Our unique approach is, in part, due to the high chronic disease burden in Alabama. The high prevalence of kidney disease, cardiometabolic disease, cancer, and diabetes in Alabama and the southeast region is striking due to many regional factors. Social determinants of health influence access to care, like the lack of nutritious foods or preventive education and a long-standing mistrust in medicine and research in rural areas. 

I have seen this collaborative spirit firsthand in the field as a nephrologist and as director of the O’Brien Center for Kidney Research. 

In fact, when I first came to UAB, I remember a researcher in Microbiology reaching out to me because of our shared interest in the same protein. It was a protein I researched for kidney disease that he was working on for tuberculosis (TB). I remember thinking, “I am not a TB researcher—I don’t know much about it—but I do know about the protein.” His informal communication led to a collaborative partnership with extramural grants, co-authored publications and co-mentorship of students and postdoctoral fellows.

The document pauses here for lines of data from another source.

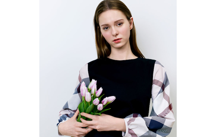 無地とクレストブリッジチェックの切り替えデザインアイテムをご紹介します。
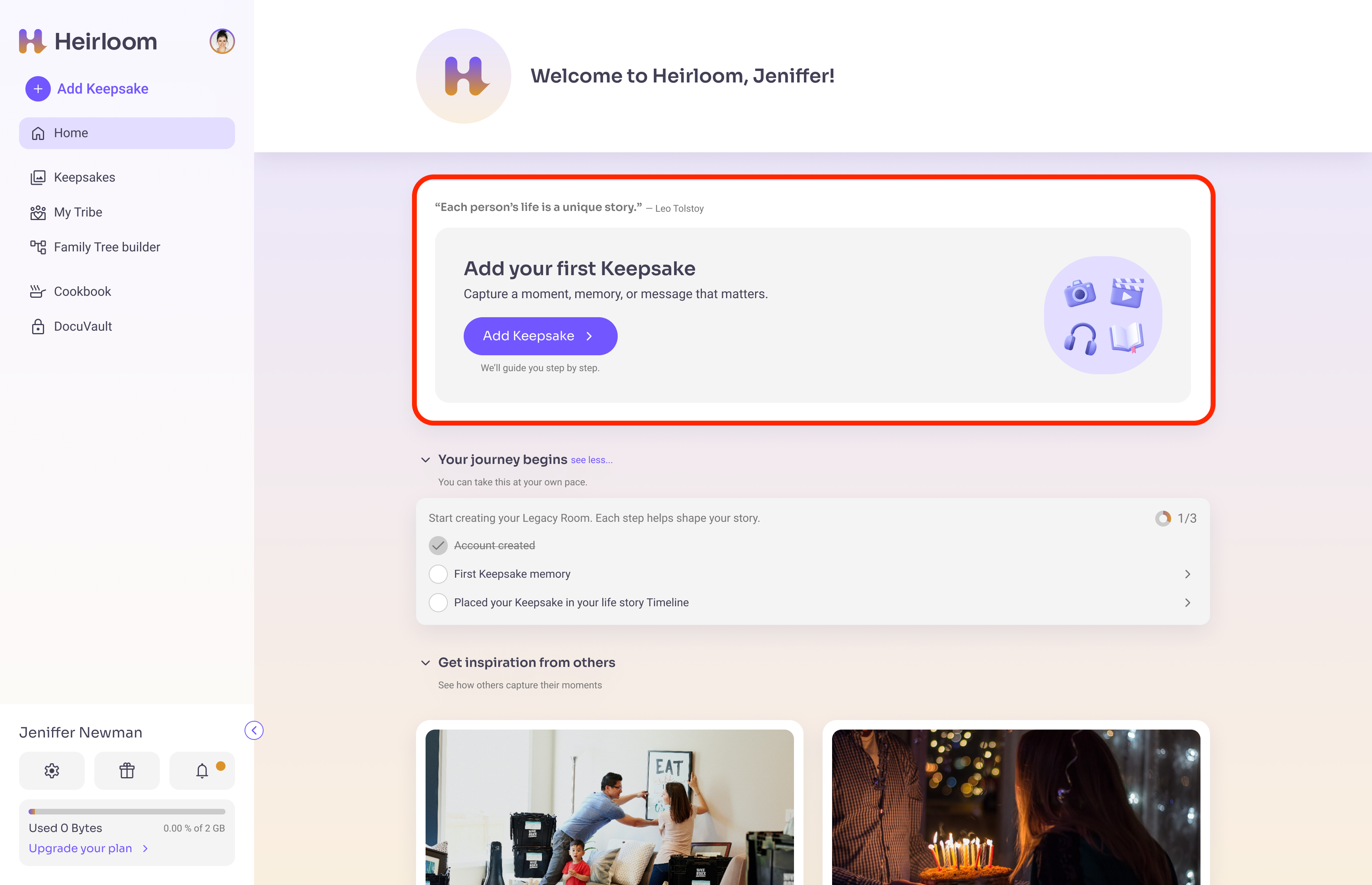 NEXT, learn how to view and organize your Keepsake on your Life Timeline.
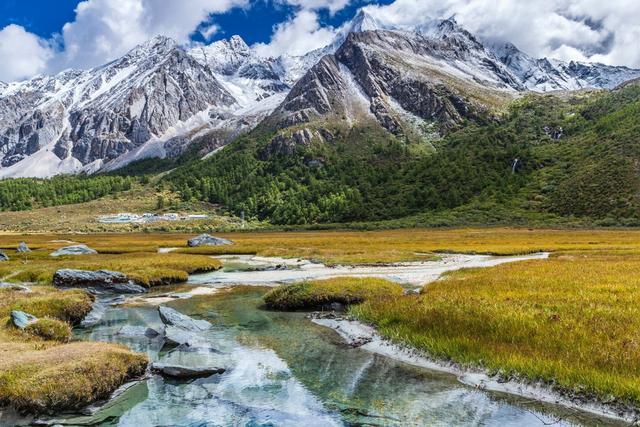此时红草地与黄色的万亩杨树林让稻城变成了色彩的海洋,亚丁在雪山、蓝天白云的衬托下,显得如梦如幻。
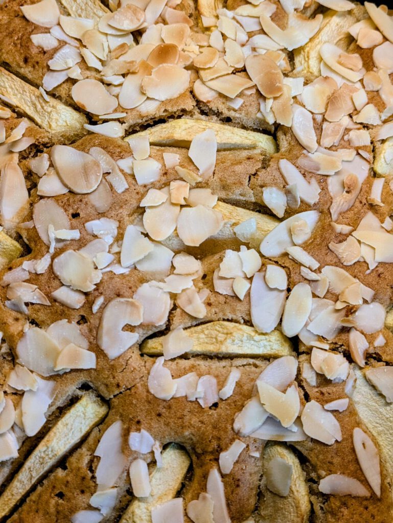 Ich heize den Ofen auf 180 °C Ober-/Unterhitze vor, weil der Kuchen mit Umluft zu schnell austrocknet. Der Teig reicht ideal für eine 24er Springform, die natürlich gefettet werden muss. Mehl, Backpulver, Zimt und Salz mischen, in einer anderen Schüssel Apfelmus, Zucker, Öl und Pflanzenmilch (ich nehme Hafermilch) verrühren, dann die trockene Zutaten kurz unterrühren (nicht zu lange mixen). Einen geschälten Apfel klein würfeln und unter den Teig heben, den Teig in die Form füllen und einen Apfel in Spalten schneiden, oben auflegen und leicht andrücken. Ich vertrage Mandeln gut und mache noch Mandelplättchen darüber. 40–45 Minuten backen. Guten Appetit!
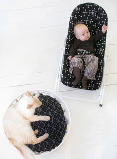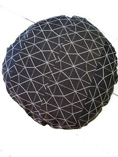 Kissat nukkuvat meillä yön eteisessä, koska läheisyyden kipeinä kömpisivät aina viereen, missä V nykyään nukkuu. Tähän saakka meillä oli kissoille suuri lattiatyyny, mutta se vei liikaa lattiatilaa. Päätin ottaa villasukkakorin uuteen tehtävään. Kaapista löytyi vanhaa kangasta, jossa on aivan sama kuviointi kuin itse korissa. Hauska yhteensattuma tuo graafisuus. Kangas on muistaakseni Kinnarpsin Mekano. No sitä ei sitten riittänyt ihan molemmin puolin vaan jouduin tyynyn alapuolen ompelemaan kangaspaloista, mutta hyvin kelpaa ja tulipahan käytettyä tehokkaasti jokainen pala. Meillä ei ollut tarpeeksi vanua, joten sulloin sisälle tavallisen nukkumishöyhentyynyn. Se muokkaantui sinne tosi hyvin.
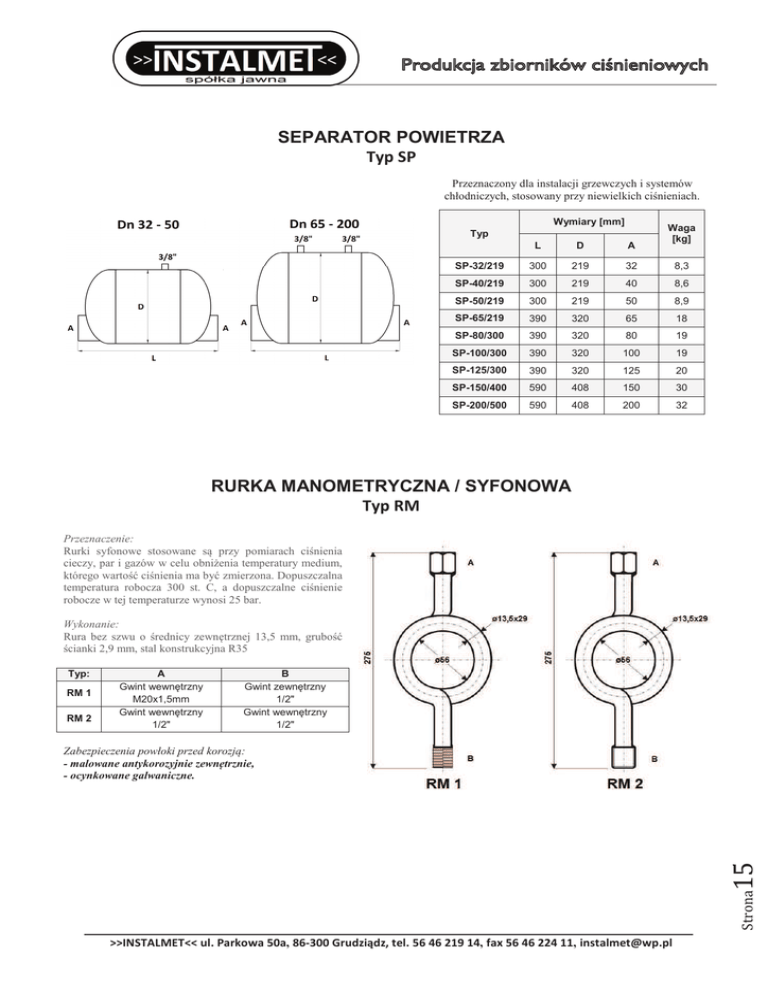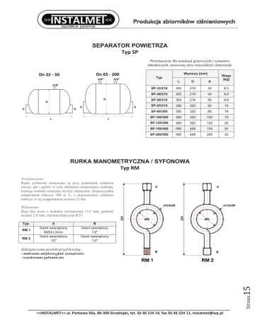 SEPARATOR POWIETRZA 05 Przeznaczony dla instalacji grzewczych i systemów chłodniczych, stosowany przy niewielkich ci nieniach. Wymiary [mm] Typ D A SP-32/219 300 219 32 8,3 SP-40/219 300 219 40 8,6 SP-50/219 300 219 50 8,9 SP-65/219 390 320 65 18 SP-80/300 390 320 80 19 SP-100/300 390 320 100 19 SP-125/300 390 320 125 20 SP-150/400 590 408 150 30 SP-200/500 590 408 200 32 RURKA MANOMETRYCZNA / SYFONOWA Przeznaczenie: Rurki syfonowe stosowane s przy pomiarach ci nienia cieczy, par i gazów w celu obni enia temperatury medium, którego warto ci nienia ma by zmierzona. Dopuszczalna temperatura robocza 300 st. C, a dopuszczalne ci nienie robocze w tej temperaturze wynosi 25 bar. Wykonanie: Rura bez szwu o rednicy zewn trznej 13,5 mm, grubo cianki 2,9 mm, stal konstrukcyjna R35 Typ: RM 1 RM 2 A Gwint wewn trzny M20x1,5mm Gwint wewn trzny 1/2" B Gwint zewn trzny 1/2" Gwint wewn trzny 1/2" Zabezpieczenia powłoki przed korozj : - malowane antykorozyjnie zewn trznie, - ocynkowane galwaniczne. >>-?0 @ AA 5 & 3; , 94)*;; $ B $C # 34 /4 Waga [kg] L : /, ( D 34 /4 / , # E&
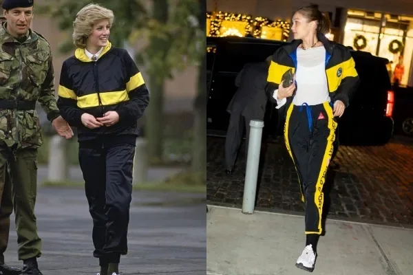2. Gigi Hadid pun pernah cipta semula gaya Puteri Diana iaitu dia memakai jaket berzip hitam-kuning dan jogger pants yang seakan-akan sama.
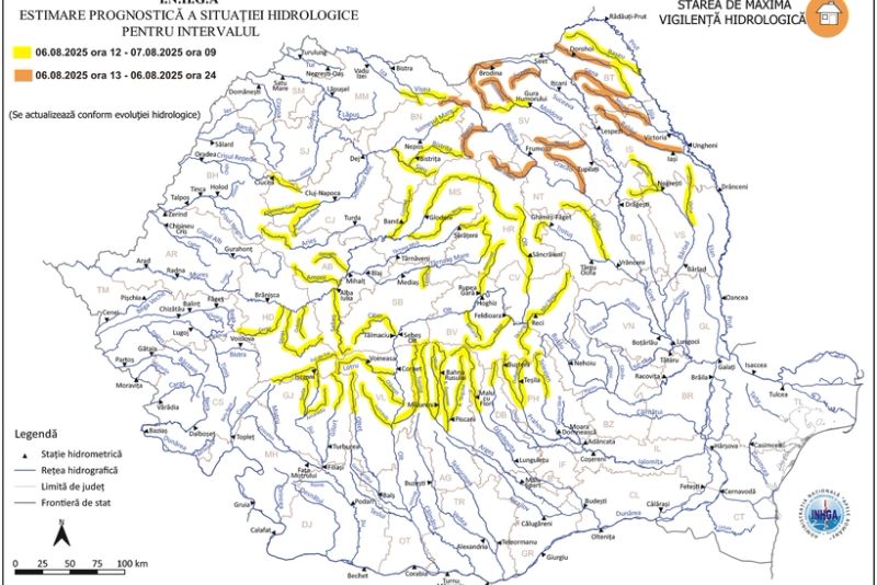 ”Fenomenele vizate constau în scurgeri importante pe versanţi, torenţi şi pâraie, viituri rapide pe râurile mici, cu posibile efecte de inundaţii locale şi creşteri de debite şi niveluri, precum şi probabilitatea depăşirii cotelor de apărare. În acest context recomandăm populaţiei din zonele vizate să manifeste prudenţă sporită în apropierea râurilor, să evite traversările prin vaduri sau poduri afectate, să îşi asigure bunurile şi să fie pregătită pentru eventuale măsuri de evacuare preventivă. De asemenea, este esenţială respectarea indicaţiilor autorităţilor locale şi menţinerea unui contact permanent cu sursele oficiale de informare”, a transmis INHGA.
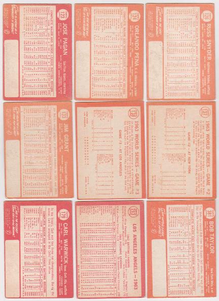 This is a collection of 9 different 1964 Topps Baseball cards.  These are mostly in Good to VG-EX condition.  Some may be slightly higher or lower grade.  This lot includes #123, 124, 126, 133, 137, 138, 179, 213, and 381 from the set.
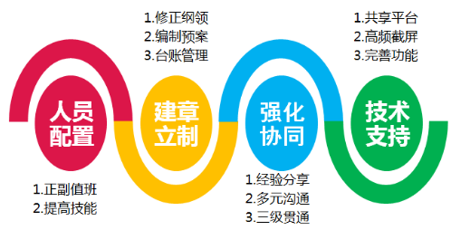 2.编制突发事件处置预案,提高应急处置能力。结合园区人员多、办公地点分散的现状,编制《监控中心话务应急实施细则》及《各类突发事件处置预案》,将各类突发事件(包括系统异常、断电、空调故障、警报及火灾、网络终端故障、交通、食品安全、传染病、员工思想波动等)应急管理分为预防、准备、响应、恢复四个阶段,站在现场调控第一负责人的角度,提出切实可行的处置方法,以便遇突发事件时提早预估、快速反应、自如应对,最大程度预防和降低损失,为实现平稳运营提供理论导航。
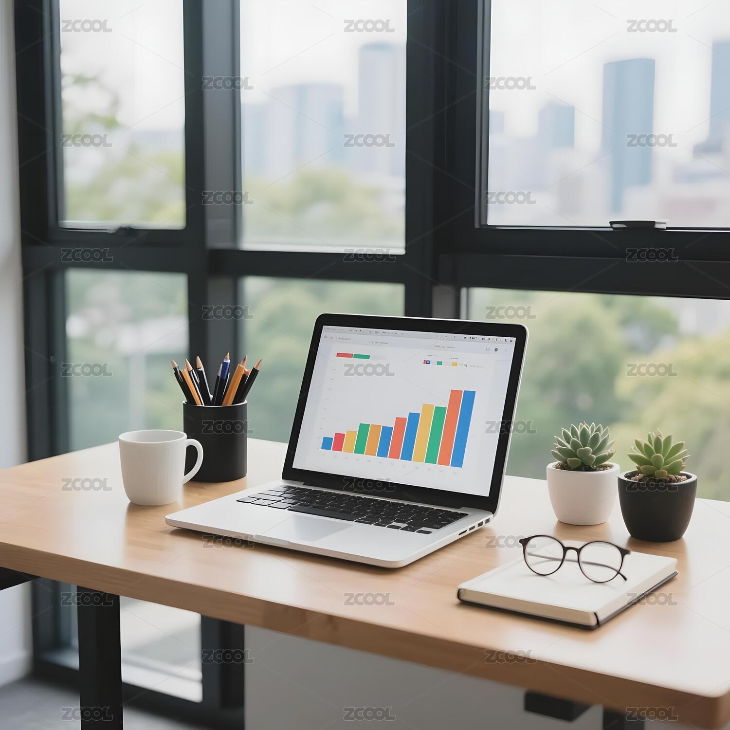 办公主题白领女性在咖啡馆落地窗边用笔记本电脑工作制作图表
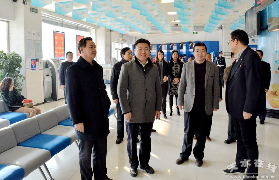 李曉東一行先后來到中國建設銀行天水分行、交通銀行天水分行、甘肅銀行天水分行、天水秦州農(nóng)村合作銀行等金融單位,與正在忙碌工作的干部職工親切交談,詢問他們的日常工作情況,了解銀行經(jīng)營發(fā)展狀況。
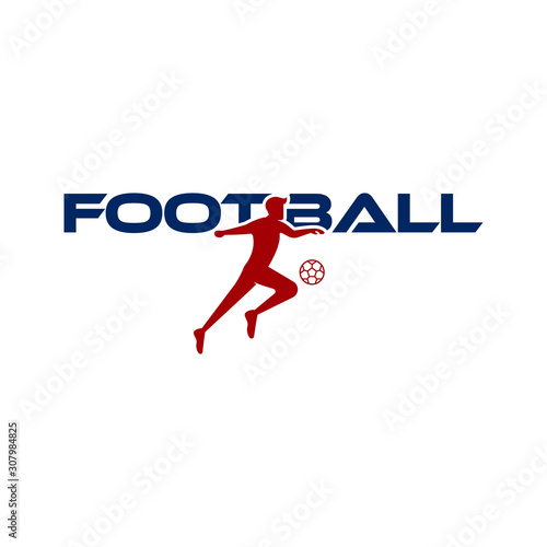 Football vector illustration of a silhouette football player isolated on white background. Sport Logo with Football text and Football player figure. Soccer vector for icon, logo, app, symbol.
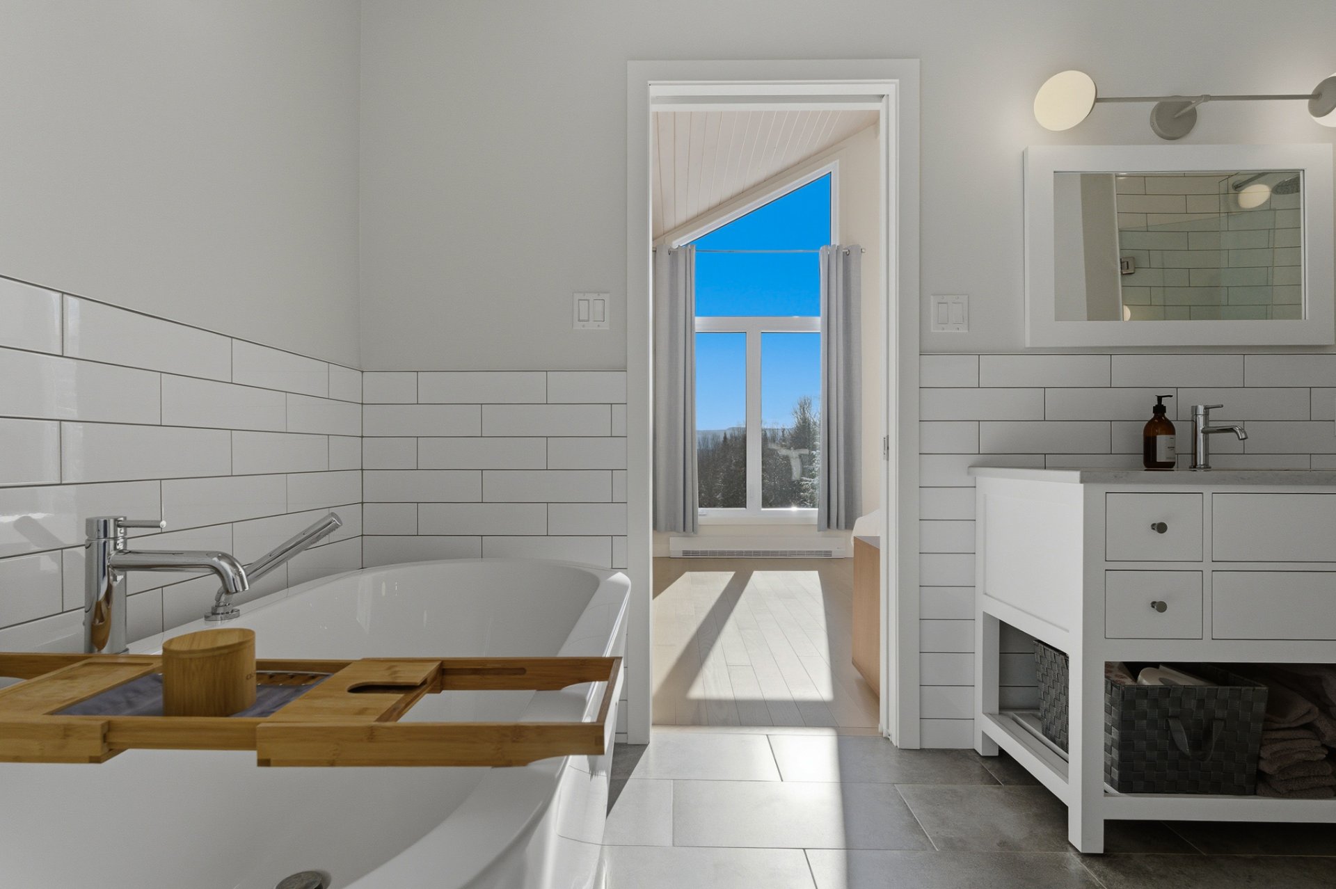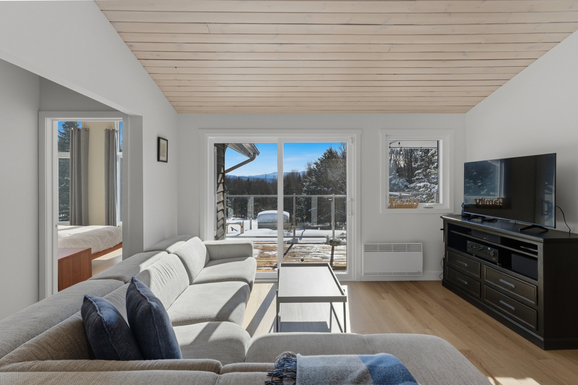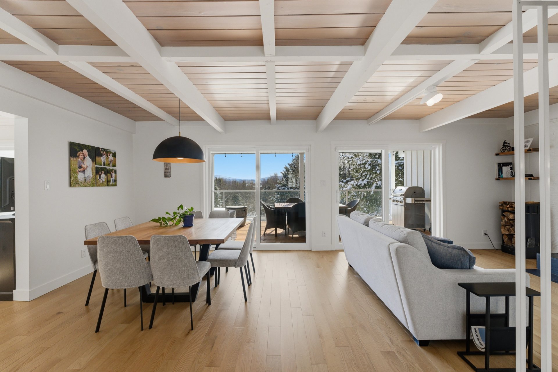Transformée en profondeur en 2022, cette propriété conjugue caractère et modernité avec élégance. Dès les premiers pas à l'intérieur, la lumière s'impose. Les plafonds habillés de bois blanchi, les planchers de chêne blanc, les volumes généreux et les ouvertures sur les montagnes créent une atmosphère invitante. Orientée plein sud, munie d'une fenestration abondante, la maison capte le soleil du matin au soir et offre un panorama grandiose sur les Montagnes Vertes.
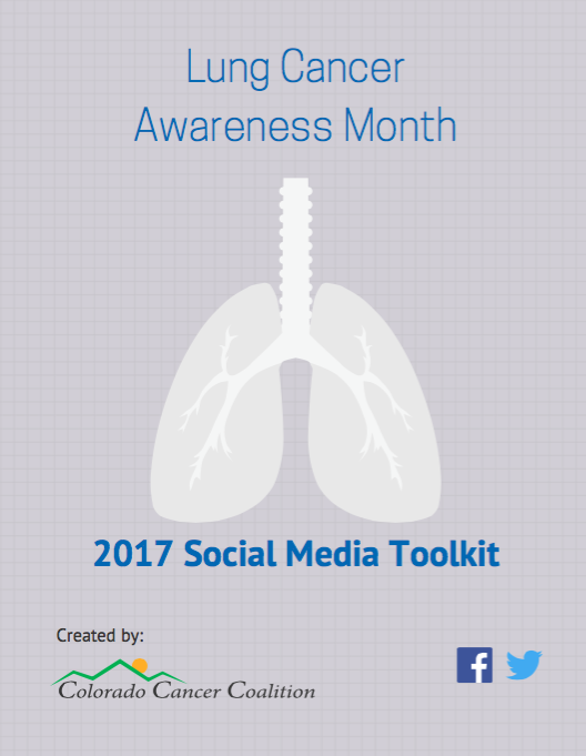 This kit was created to reduce the burden of lung cancer in Colorado through social media awareness and outreach. Lung Cancer is mentioned as a priority in the 2016-2020 Colorado Cancer Plan (www.coloradocancerplan.org). To reduce the burden of lung cancer in Colorado we aim to educate on risk factors, cancer screenings, and share support groups for patients, survivors, and their family members. We hope you use this guide to help spread awareness of lung cancer during the month of November and throughout the year.

This process was academic, uncompetitive, and collegial in a way that was unfamiliar to me at first but resonated deeply on an inherent level.

Similarly, the ways our medical school and public health experts work together are boundless. Many of our clinicians and scientists have shared appointments with both the Heersink School of Medicine and the School of Public Health and School of Health Professions. While we each have our own departments and expertise, we do not have barriers for collaboration. This opens new lanes of possibility. 

The collaborative approach is traversable to partner institutions across the country and globally. An NIH-funded P-50 center—Forge AHEAD Center—led by MPIs Andrea Cherrington, M.D., and Gareth Dutton, Ph.D., is paving the way for health equity models that expand to a larger geographic region. Forge AHEAD is comprised of four institutions across Louisiana, Mississippi, and Alabama but is one of eleven in the national Health Equity Action Network.

Our passion for saving lives and bettering the communities at our doorstep is the most important facet of our work at UAB. Shared purpose is why we are so successful and why UAB is such a powerhouse in the Deep South. 

The next level for medicine and science globally is work that intersects expertise and areas of interest. UAB is paving the way for how to do that as we continue to work together in all we do.